CHAPITRE 7 : LES PETITS SAVOYARDS OU LA RECONCILIATION

7.1. Présence savoyarde

7.1.1. Le savoyard enfant

Les petits savoyards, (qui peuvent être piémontais), circulent en Europe et même jusqu'en Russie, depuis fort longtemps (peut-être depuis le XIVe siècle). Bien que généralement appréciés, ils sont parfois mêlés à des scandales. C'est ainsi que Palmer 2 relate qu'en 1749 en Angleterre, on jase sur l'amour violent que le duc de Cumberland éprouve pour une jeune savoyarde vielleuse (pas si enfantine que cela), venue dans ce pays avec son frère pour tenter de gagner de l'argent. Cette aventure donne lieu à des gravures satiriques que Palmer reproduit et qui n'épargnent pas le duc.

Ces déplacements enfantins ont pour raison l'extrême pauvreté qui règne en Savoie. Quand la misère croit, les mouvements migratoires s'intensifient. Les enfants, porteurs d'une vielle, d'une marmotte et parfois d'une lanterne magique, s'en vont chercher dans les grandes villes l'argent qui manque à leur famille. L'époque baroque correspond à un accroissement de la pauvreté en pays savoyard, et le flux migratoire devient important, notamment en direction de Paris.

Pourquoi ces enfants sont-ils dotés d'une vielle ? Hirsch 1 propose une explication : la vielle est d'une intéressante opportunité pour les filles car elle leur permet de jouer un rôle dans la collecte d'argent, sans être obligées de se déguiser en garçon pour pénétrer à l'intérieur des conduits de cheminée.
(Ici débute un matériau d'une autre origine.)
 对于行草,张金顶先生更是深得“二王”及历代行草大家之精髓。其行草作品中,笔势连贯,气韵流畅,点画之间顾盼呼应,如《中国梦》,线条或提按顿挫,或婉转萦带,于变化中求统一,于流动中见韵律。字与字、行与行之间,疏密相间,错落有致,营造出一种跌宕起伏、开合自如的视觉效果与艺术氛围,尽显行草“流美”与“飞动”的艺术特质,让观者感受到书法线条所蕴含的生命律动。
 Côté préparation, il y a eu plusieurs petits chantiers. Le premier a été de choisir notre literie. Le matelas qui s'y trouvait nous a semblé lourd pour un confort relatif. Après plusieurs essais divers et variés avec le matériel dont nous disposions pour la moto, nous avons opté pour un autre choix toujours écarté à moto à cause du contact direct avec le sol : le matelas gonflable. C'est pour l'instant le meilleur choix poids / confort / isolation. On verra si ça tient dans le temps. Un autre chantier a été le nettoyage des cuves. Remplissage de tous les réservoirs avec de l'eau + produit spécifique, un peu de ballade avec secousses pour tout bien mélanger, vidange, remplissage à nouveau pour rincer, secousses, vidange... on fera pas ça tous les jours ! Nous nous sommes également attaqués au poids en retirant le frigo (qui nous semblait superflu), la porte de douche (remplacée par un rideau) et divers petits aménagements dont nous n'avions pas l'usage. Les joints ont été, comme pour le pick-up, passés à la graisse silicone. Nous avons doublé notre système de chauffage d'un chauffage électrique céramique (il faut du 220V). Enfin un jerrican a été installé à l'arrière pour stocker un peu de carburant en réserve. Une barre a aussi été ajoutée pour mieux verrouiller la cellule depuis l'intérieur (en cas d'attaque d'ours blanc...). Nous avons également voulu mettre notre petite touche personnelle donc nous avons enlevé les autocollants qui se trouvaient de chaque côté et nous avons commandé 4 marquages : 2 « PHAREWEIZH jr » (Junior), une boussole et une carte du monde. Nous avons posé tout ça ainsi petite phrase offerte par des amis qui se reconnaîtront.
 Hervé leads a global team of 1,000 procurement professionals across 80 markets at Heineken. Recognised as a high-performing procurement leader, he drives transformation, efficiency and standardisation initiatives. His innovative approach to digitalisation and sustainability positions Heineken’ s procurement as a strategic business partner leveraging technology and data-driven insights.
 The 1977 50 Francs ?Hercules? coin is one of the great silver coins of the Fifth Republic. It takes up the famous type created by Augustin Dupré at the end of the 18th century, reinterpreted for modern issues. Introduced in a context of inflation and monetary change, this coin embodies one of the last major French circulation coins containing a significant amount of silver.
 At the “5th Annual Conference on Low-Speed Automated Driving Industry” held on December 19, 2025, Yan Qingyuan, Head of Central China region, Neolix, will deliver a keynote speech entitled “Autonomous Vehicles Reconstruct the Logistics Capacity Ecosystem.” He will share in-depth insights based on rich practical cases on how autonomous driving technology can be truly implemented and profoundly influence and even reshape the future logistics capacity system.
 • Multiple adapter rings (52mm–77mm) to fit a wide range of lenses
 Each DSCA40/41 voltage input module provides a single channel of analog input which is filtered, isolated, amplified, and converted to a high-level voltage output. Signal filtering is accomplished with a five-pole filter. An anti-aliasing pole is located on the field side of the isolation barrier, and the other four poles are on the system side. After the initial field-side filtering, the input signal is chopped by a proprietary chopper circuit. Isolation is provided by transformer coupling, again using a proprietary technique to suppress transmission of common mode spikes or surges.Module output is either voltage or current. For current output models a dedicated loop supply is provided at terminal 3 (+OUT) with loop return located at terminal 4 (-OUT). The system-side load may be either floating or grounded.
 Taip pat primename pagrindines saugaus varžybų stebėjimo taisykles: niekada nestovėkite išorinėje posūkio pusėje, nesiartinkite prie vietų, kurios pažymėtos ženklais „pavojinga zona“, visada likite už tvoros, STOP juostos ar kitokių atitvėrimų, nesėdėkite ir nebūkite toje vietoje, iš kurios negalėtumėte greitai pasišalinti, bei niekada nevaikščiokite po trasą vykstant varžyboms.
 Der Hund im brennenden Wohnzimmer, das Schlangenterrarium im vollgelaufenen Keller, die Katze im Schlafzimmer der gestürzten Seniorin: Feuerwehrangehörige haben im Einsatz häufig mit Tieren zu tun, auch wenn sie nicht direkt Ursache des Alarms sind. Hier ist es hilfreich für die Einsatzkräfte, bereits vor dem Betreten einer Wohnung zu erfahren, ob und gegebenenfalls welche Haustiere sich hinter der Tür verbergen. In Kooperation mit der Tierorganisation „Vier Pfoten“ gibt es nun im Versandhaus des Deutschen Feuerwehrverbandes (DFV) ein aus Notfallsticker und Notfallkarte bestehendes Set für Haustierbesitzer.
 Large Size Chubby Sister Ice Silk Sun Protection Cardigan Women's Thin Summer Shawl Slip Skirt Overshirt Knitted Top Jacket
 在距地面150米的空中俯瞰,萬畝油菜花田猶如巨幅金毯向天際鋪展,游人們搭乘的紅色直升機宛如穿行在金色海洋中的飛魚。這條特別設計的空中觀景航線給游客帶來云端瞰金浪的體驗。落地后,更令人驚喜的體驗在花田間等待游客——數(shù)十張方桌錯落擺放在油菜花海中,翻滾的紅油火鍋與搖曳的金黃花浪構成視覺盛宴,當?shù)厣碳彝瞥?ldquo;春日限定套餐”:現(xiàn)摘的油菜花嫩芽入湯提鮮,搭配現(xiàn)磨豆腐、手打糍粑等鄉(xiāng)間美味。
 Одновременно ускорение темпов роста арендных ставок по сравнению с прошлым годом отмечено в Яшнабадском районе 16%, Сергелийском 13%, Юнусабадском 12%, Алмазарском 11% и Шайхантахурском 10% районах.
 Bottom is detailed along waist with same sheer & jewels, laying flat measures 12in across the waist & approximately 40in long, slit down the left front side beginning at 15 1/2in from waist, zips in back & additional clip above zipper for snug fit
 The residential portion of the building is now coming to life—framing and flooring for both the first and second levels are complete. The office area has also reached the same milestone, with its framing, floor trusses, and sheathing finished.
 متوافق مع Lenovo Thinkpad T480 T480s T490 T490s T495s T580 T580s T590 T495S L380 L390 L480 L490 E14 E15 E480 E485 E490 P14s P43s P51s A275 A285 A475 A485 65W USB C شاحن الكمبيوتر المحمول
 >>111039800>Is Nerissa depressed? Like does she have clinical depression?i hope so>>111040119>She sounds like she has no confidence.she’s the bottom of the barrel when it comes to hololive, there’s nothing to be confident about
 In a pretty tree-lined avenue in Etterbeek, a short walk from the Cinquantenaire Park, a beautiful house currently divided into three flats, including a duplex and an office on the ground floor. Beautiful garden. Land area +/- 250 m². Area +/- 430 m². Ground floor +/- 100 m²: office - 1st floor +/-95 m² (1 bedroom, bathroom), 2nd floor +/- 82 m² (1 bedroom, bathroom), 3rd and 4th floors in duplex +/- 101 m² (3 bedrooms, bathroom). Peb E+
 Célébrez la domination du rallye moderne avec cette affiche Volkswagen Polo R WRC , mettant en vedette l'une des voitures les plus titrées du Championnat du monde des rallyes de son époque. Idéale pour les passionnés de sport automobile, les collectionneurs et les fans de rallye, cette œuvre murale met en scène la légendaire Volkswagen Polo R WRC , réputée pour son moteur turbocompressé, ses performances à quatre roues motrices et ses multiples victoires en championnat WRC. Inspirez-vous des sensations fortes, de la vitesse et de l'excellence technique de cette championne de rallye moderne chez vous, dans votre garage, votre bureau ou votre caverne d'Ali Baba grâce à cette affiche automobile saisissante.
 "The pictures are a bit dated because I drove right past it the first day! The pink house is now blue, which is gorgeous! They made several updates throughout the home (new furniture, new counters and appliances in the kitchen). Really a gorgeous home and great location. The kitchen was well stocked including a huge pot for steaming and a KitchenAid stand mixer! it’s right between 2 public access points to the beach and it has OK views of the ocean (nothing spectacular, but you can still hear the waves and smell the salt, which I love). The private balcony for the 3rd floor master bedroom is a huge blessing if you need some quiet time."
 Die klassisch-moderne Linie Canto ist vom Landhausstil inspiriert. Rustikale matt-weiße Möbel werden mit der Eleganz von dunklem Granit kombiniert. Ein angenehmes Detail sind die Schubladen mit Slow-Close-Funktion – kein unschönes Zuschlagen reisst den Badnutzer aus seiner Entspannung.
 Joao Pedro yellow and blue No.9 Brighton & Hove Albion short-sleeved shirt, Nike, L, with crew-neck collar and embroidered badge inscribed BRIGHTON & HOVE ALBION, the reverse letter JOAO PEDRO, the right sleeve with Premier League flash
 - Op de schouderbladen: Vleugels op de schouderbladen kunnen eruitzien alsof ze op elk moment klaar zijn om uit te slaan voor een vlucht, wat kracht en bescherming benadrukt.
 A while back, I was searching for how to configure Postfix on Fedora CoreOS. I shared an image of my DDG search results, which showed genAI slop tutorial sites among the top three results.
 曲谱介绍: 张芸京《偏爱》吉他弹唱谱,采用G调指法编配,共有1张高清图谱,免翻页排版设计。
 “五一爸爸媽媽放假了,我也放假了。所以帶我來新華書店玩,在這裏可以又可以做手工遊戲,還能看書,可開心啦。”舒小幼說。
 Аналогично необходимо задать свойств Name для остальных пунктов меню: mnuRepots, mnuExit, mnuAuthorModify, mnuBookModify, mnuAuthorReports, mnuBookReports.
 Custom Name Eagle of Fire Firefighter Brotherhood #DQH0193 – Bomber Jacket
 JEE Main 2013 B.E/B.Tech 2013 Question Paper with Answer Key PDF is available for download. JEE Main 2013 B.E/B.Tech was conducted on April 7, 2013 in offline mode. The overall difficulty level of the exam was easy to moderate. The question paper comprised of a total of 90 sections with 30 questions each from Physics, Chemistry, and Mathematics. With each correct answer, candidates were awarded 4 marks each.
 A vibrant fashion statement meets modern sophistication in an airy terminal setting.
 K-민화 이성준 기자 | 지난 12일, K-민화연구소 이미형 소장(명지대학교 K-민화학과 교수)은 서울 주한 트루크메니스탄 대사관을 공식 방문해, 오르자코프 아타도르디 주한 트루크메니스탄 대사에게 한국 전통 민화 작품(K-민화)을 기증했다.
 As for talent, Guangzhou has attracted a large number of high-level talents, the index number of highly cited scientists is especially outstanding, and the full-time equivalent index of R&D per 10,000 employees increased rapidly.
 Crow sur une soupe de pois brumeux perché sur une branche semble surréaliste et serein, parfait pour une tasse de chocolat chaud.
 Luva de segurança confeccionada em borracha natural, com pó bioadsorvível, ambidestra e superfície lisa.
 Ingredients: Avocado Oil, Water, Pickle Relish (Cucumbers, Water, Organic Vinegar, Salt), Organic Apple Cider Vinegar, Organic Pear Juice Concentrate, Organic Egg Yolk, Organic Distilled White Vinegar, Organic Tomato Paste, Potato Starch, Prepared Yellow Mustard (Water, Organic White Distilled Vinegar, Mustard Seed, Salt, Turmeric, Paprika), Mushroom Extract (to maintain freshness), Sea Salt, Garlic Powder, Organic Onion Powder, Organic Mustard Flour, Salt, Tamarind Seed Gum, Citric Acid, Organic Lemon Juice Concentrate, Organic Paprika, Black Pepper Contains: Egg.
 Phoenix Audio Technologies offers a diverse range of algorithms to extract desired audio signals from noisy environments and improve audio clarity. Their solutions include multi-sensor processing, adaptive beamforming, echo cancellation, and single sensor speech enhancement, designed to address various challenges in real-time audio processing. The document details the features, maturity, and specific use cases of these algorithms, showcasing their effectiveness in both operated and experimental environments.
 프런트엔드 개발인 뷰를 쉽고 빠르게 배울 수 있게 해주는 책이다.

Un texte de de Jèze (Etat ou tableau de la ville de Paris) 2 datant de 1760 montre bien dans quel esprit est considérée, à Paris, cette présence des petits Savoyards :

‘« Le titre de Savoyard est devenu dans Paris un nom générique que l'on donne à des jeunes enfants que la misère arrache de leurs patries ou tire du sein de leur famille, pour venir dans cette grande ville, chercher à vivre : ils y sont répandus dans les différents quartiers et dans les différentes rues, où ils rendent aux citoyens des services journaliers, et procurent à peu de frais des facilités d'un usage très commode et très fréquent ».’

Il n'est donc pas nécessaire d'être savoyard pour en porter le titre. Le terme devient un stéréotype recouvrant un certain mode d'existence et les valeurs qui lui sont attribuées.

Notes
2.

PALMER, Suzann, The hurdy-gurdy, Londres, New-Abbot, 1980, p.164/165.

1.

HIRSCH, Jean-François, « Fanchon et les petits vielleux », Alpes magazine, octobre 1992, n°17, p.40/49.

2.

Cité par LEPPERT, Richard D., Arcadia at Versailles, Amsterdam and Lisse, Swets et Zeitlinger, 1978, p.96.